A team of international researchers discovered 112 genetic variants that may help predict a patient’s risk of developing glaucoma.1 The study, which was published in a recent issue of Nature Genetics, could lead to a genetics-based screening program, allowing patients to be identified as at risk for glaucoma as early as birth, researchers said in a press release.2
The study included 140,000 people drawn from the UK Biobank and EPIC-Norfolk. Since elevated intraocular pressure (IOP) is the most important risk factor for primary open-angle glaucoma (POAG), investigators performed tonometry and compared results with a DNA analysis for each patient. By comparing IOP with a genetic analysis of the many common, small DNA variations that contribute in any way to overall eye pressure, researchers identified 112 genetic variants in the patients with high pressure readings, including 68 novel genetic variants.

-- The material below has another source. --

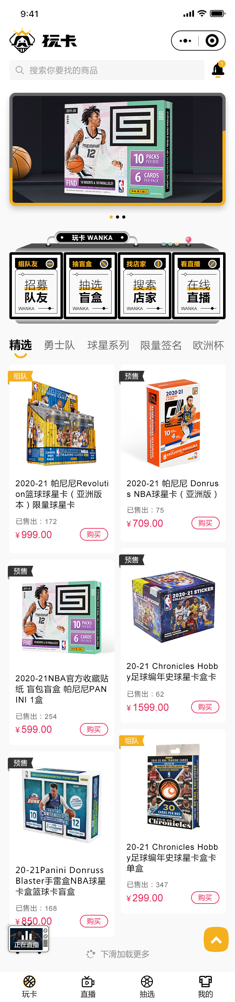 • 平台主要是给运动爱好者提供官方发行球星纪念卡,有直播开盲盒的娱乐形式可以赢得大奖,每张纪念卡内都有球星比赛时穿过的衣服,是运动迷们收集喜爱球星纪念品的乌托邦!
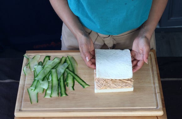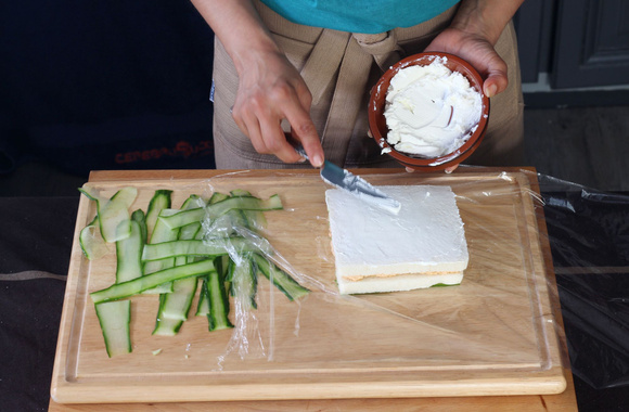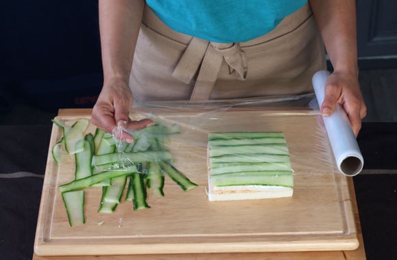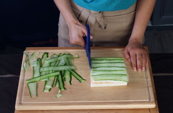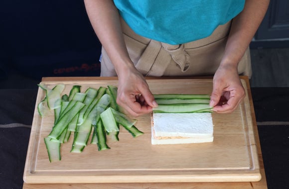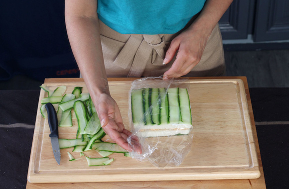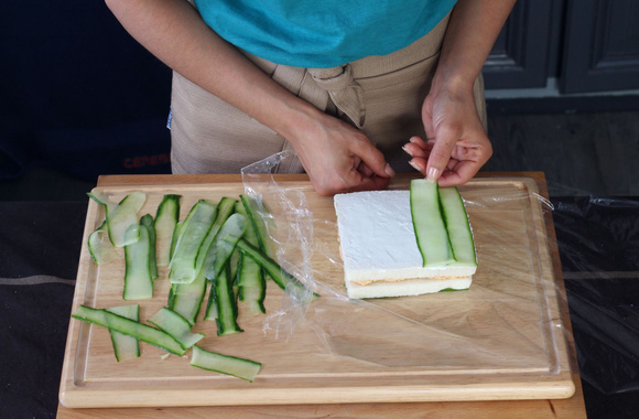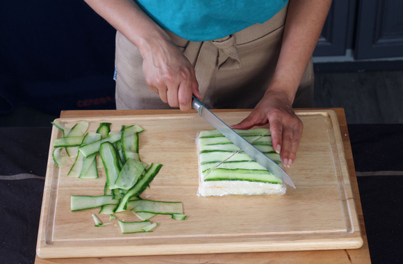 9Ajoutez des lamelles de concombre, cette fois-ci verticalement.

“These loci suggest a strong role for angiopoietin-receptor tyrosine kinase signaling, lipid metabolism, mitochondrial function and developmental processes underlying risk for elevated IOP,” researchers said.1
The genetic variations were able to predict whether someone might develop glaucoma with 75% accuracy.2
“Genetic-prediction models for POAG offer an opportunity to target screening and timely therapy to individuals most at risk,” the researchers said.1
|1. Khawaja AP, Cooke B, Wareham NJ, et al. Genome-wide analyses identify 68 new loci associated with intraocular pressure and improve risk prediction for primary open-angle glaucoma. Nat Genet. May 21, 2018. [Epub ahead of print].|
2. Researchers identify genetic variants that may predict glaucoma risk. May 21, 2018. www.ucl.ac.uk/news/news-articles/0518/210518-glaucoma-genetics. Accessed May 31, 2018.